■ WHAT TO DO ■
Transcribe each line of the records below exactly, excluding any embedded images.

■ DATA EXTRACT ■

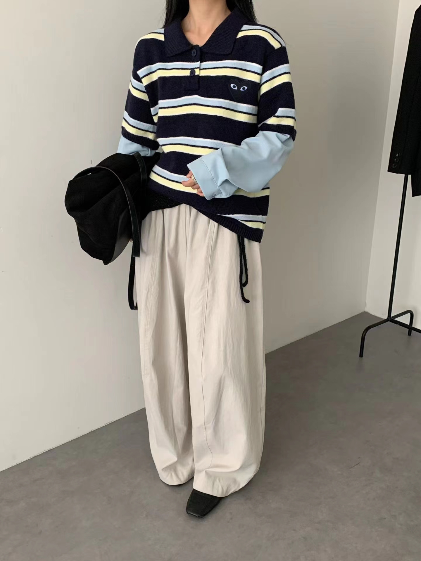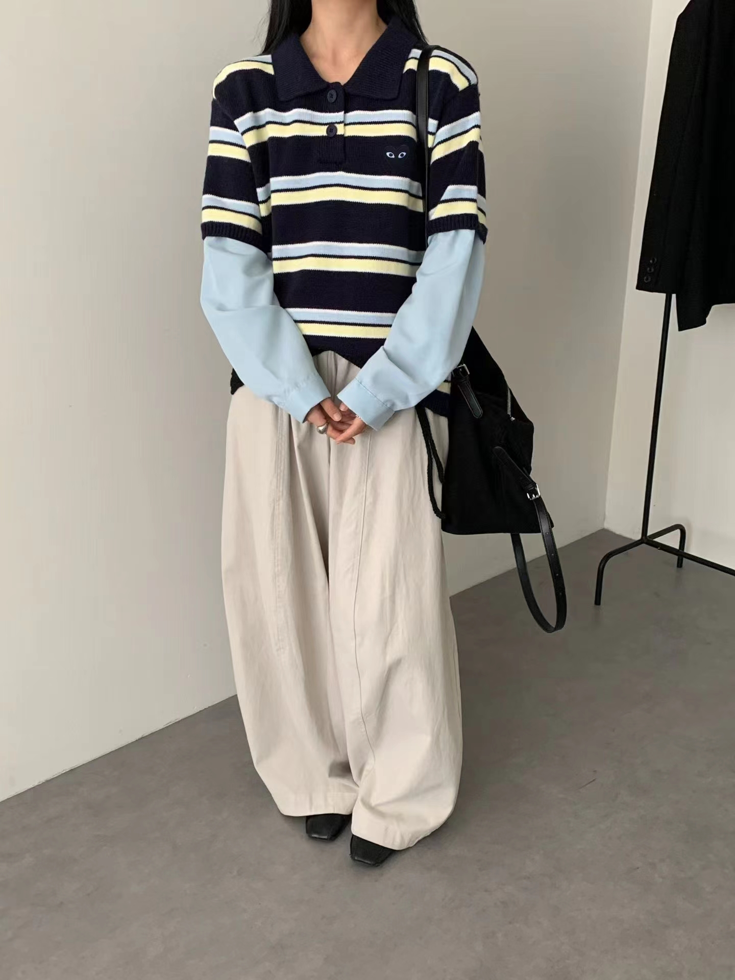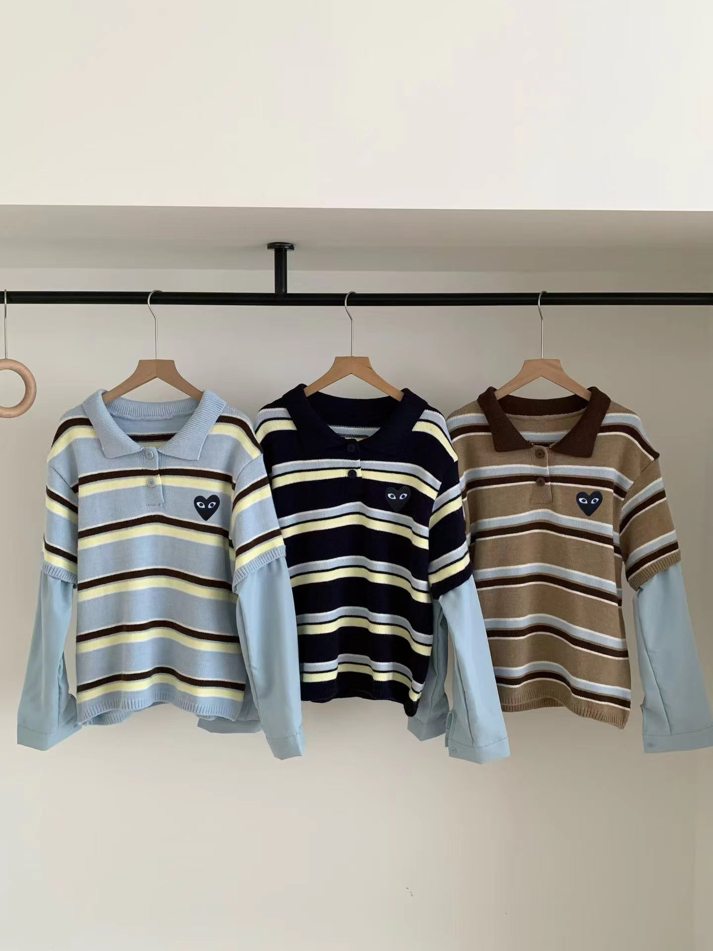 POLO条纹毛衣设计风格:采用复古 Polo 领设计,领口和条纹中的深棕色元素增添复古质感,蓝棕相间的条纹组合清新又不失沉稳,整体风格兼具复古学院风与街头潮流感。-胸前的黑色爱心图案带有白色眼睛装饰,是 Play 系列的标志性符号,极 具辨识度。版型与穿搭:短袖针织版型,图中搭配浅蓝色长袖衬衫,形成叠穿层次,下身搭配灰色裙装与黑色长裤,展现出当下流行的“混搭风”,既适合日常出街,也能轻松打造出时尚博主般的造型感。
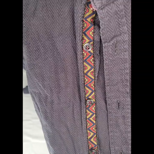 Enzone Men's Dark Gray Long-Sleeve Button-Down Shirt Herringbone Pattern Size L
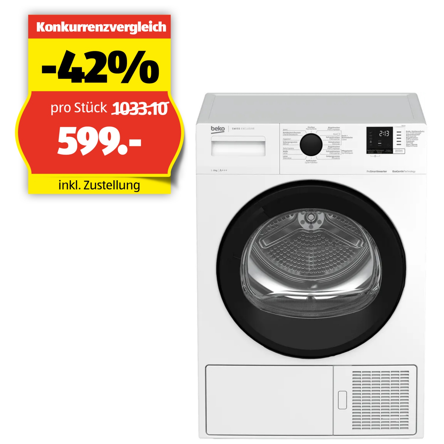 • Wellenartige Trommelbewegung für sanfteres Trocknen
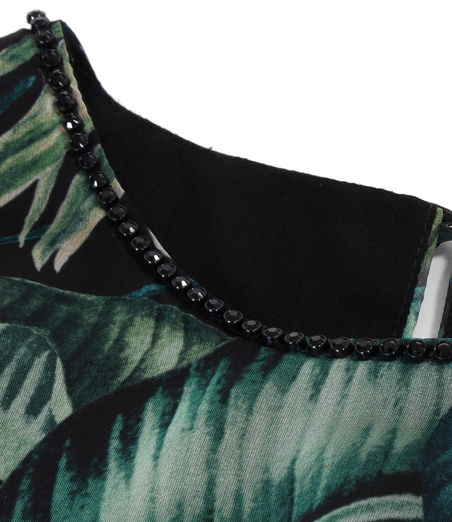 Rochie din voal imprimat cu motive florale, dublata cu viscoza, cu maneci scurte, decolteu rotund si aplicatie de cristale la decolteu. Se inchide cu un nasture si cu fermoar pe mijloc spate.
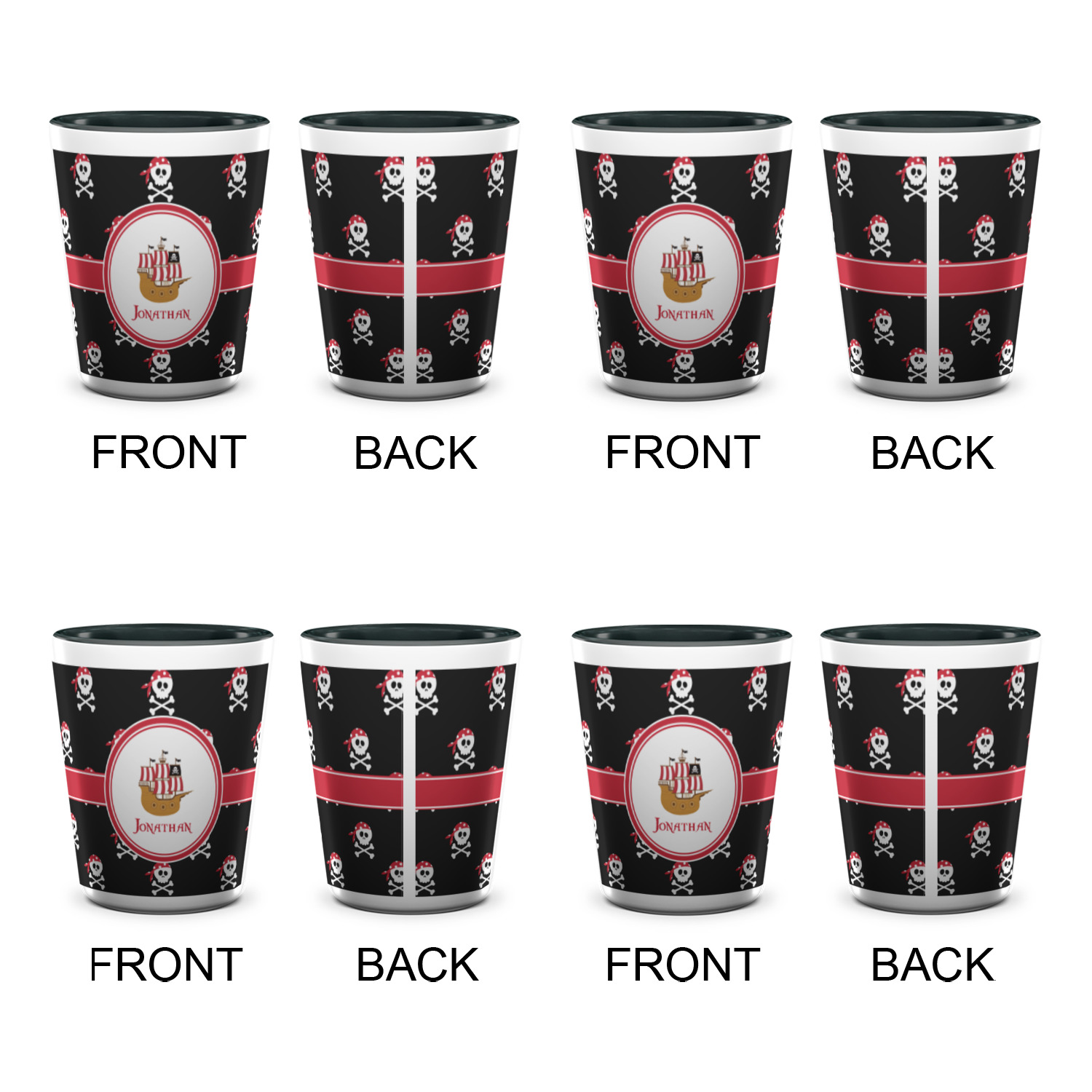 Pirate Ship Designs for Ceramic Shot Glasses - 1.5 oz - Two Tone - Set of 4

■ RESPONSE ■
 POLO条纹毛衣设计风格:采用复古 Polo 领设计,领口和条纹中的深棕色元素增添复古质感,蓝棕相间的条纹组合清新又不失沉稳,整体风格兼具复古学院风与街头潮流感。-胸前的黑色爱心图案带有白色眼睛装饰,是 Play 系列的标志性符号,极 具辨识度。版型与穿搭:短袖针织版型,图中搭配浅蓝色长袖衬衫,形成叠穿层次,下身搭配灰色裙装与黑色长裤,展现出当下流行的“混搭风”,既适合日常出街,也能轻松打造出时尚博主般的造型感。
 Enzone Men's Dark Gray Long-Sleeve Button-Down Shirt Herringbone Pattern Size L
 • Wellenartige Trommelbewegung für sanfteres Trocknen
 Rochie din voal imprimat cu motive florale, dublata cu viscoza, cu maneci scurte, decolteu rotund si aplicatie de cristale la decolteu. Se inchide cu un nasture si cu fermoar pe mijloc spate.
 Pirate Ship Designs for Ceramic Shot Glasses - 1.5 oz - Two Tone - Set of 4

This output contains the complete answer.